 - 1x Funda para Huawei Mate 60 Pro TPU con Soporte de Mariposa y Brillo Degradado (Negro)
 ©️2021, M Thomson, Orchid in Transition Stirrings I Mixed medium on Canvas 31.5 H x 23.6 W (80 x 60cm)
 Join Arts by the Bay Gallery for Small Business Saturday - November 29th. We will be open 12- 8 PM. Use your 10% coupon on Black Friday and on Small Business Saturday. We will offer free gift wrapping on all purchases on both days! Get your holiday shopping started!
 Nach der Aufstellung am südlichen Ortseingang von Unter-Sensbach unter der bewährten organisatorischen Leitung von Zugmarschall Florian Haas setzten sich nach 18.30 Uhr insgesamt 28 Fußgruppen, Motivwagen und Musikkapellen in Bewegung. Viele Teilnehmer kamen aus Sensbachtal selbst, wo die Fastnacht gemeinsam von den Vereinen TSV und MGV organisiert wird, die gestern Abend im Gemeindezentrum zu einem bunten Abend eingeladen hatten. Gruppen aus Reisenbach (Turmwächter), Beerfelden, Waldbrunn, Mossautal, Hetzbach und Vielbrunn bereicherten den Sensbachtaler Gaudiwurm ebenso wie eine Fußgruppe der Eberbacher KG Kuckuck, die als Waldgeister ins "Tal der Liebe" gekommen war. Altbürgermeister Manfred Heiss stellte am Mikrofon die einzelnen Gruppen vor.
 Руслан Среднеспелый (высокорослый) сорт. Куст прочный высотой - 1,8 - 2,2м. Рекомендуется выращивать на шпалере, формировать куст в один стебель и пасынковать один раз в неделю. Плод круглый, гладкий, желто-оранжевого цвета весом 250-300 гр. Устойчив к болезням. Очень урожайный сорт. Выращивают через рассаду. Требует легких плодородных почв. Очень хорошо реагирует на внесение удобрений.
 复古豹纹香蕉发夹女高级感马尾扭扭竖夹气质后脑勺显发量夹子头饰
^^^^
▶ [WORK TO BE COMPLETED]
Exact reproduction of the lines from the top of the material through the line where "(80 x 60cm)" appears is required, both boundary lines included, with no other output.

▶ [ANSWER SECTION]
 - 1x Funda para Huawei Mate 60 Pro TPU con Soporte de Mariposa y Brillo Degradado (Negro)
 ©️2021, M Thomson, Orchid in Transition Stirrings I Mixed medium on Canvas 31.5 H x 23.6 W (80 x 60cm)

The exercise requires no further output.